Water desalination using CaCO3/blend of polyphenylene oxide and polystyrene mixed matrix membranes in a direct contact membrane distillation (DCMD) unit

The present study examines the impact of integrating hydrophobic calcium carbonate (CaCO3) nanoparticles into porous membranes composed of a polyphenylene oxide (PPO)/polystyrene (PS) blend on desalination performance. CaCO3 filler was added to polymeric solution at concentrations of 2-10 wt% and prepared samples were characterized using ATR-FTIR, FE-SEM, EDX, AFM, liquid entry pressure (LEP), contact angle, and porosity measurement analyzes.

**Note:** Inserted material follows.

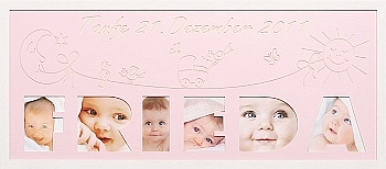Die aus der Holzplatte ausgeschnittenen GROSSBUCHSTABEN (zwei Namen) hinterlegen Sie mit Fotos(10x15).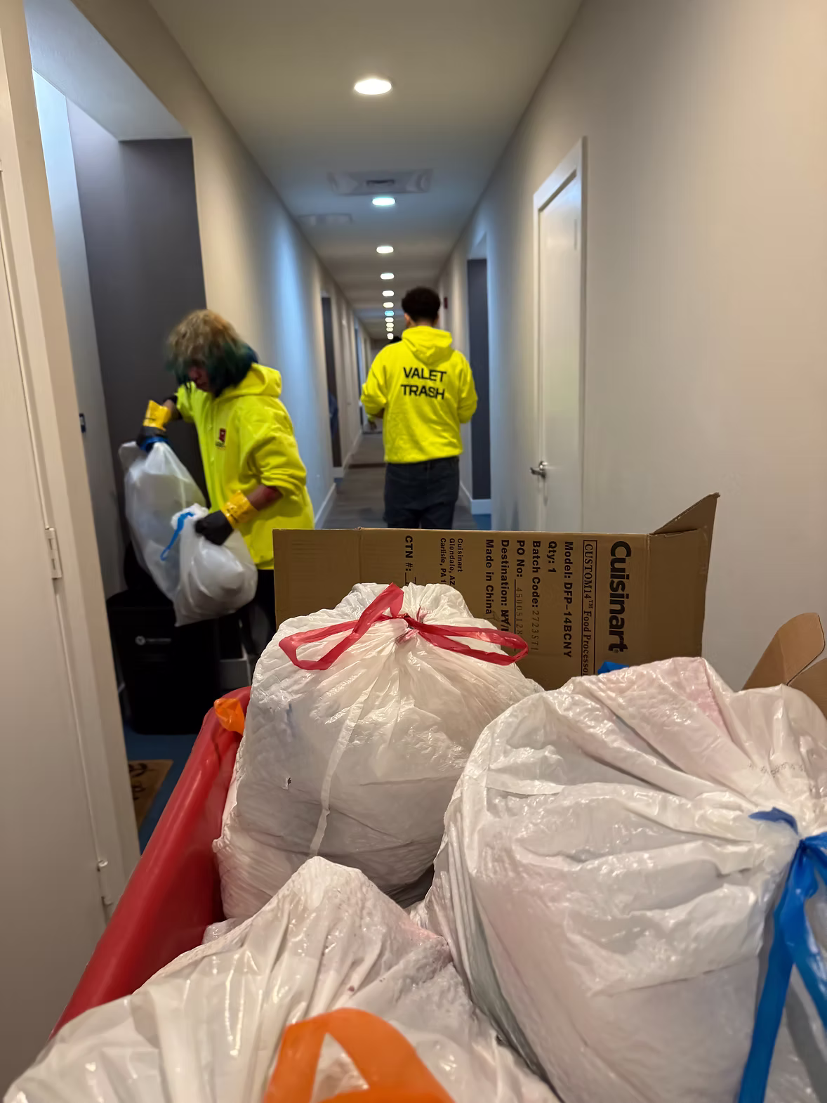 Our valet trash crews service your community five nights a week, providing consistent doorstep pickup residents can rely on. That consistency keeps hallways, breezeways, and common areas cleaner with less effort from your team.

Surface porosity of the samples was determined by the Digimizer software. The desalination performance of the membranes was evaluated using a laboratory-scale direct contact membrane distillation (DCMD) unit. Results showed that nanoparticles did not affect the membrane's finger-like structure but altered the surface pore size and porosity. Adding 10 wt% CaCO3 to the membrane caused the maximum surface pore size to decrease from 35.4 to 17.4 nm, leading to an increase in the LEP value from 0.9 to 2.1 bar. The MMM with 2 wt% CaCO3 nanoparticles exhibited the highest flux of 34.92 kg/m(2)h (similar to 20% higher than pure membrane) due to its higher surface porosity, also the rejection was achieved above 99.9%. Physical properties along with thermal efficiency and temperature polarization coefficient of the prepared membranes were compared. Fouling properties and scaling of the prepared membranes were investigated using different organic and inorganic solutions. Results showed that fouling resistance of samples containing CaCO3 filler was improved.